▶ **PROBLEM TO SOLVE**: Take each line in the entries below that holds "Cartridge" and show it.

▶ **RECORD EXCERPTS**:
+ + + +
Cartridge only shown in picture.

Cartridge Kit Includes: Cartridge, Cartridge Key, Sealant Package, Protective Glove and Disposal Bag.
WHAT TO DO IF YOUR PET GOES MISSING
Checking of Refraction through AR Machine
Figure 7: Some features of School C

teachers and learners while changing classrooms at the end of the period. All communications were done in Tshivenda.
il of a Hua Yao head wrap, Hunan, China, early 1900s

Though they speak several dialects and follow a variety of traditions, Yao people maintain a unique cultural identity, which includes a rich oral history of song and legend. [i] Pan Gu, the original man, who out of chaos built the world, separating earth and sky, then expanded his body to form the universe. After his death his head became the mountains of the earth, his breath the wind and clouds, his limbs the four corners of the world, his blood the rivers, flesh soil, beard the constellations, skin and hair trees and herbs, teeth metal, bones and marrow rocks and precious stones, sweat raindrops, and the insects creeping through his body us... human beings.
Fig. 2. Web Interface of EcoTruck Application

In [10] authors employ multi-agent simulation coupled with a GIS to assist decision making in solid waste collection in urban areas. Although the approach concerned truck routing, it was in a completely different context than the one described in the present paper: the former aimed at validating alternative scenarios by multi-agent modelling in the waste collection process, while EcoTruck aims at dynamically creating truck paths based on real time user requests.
+ + + +
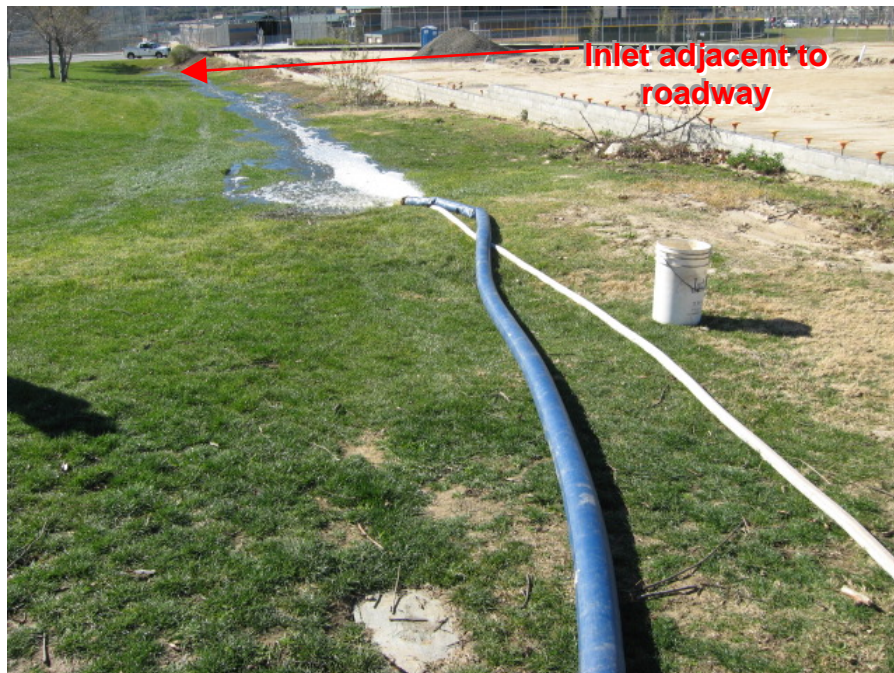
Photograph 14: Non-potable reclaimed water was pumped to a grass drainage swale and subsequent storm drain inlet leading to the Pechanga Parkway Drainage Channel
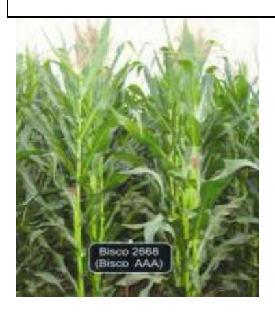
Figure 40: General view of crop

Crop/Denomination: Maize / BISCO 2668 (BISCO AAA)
+ + + +
▶ **RESULT FOR THIS EXERCISE**:
Cartridge only shown in picture.
Cartridge Kit Includes: Cartridge, Cartridge Key, Sealant Package, Protective Glove and Disposal Bag.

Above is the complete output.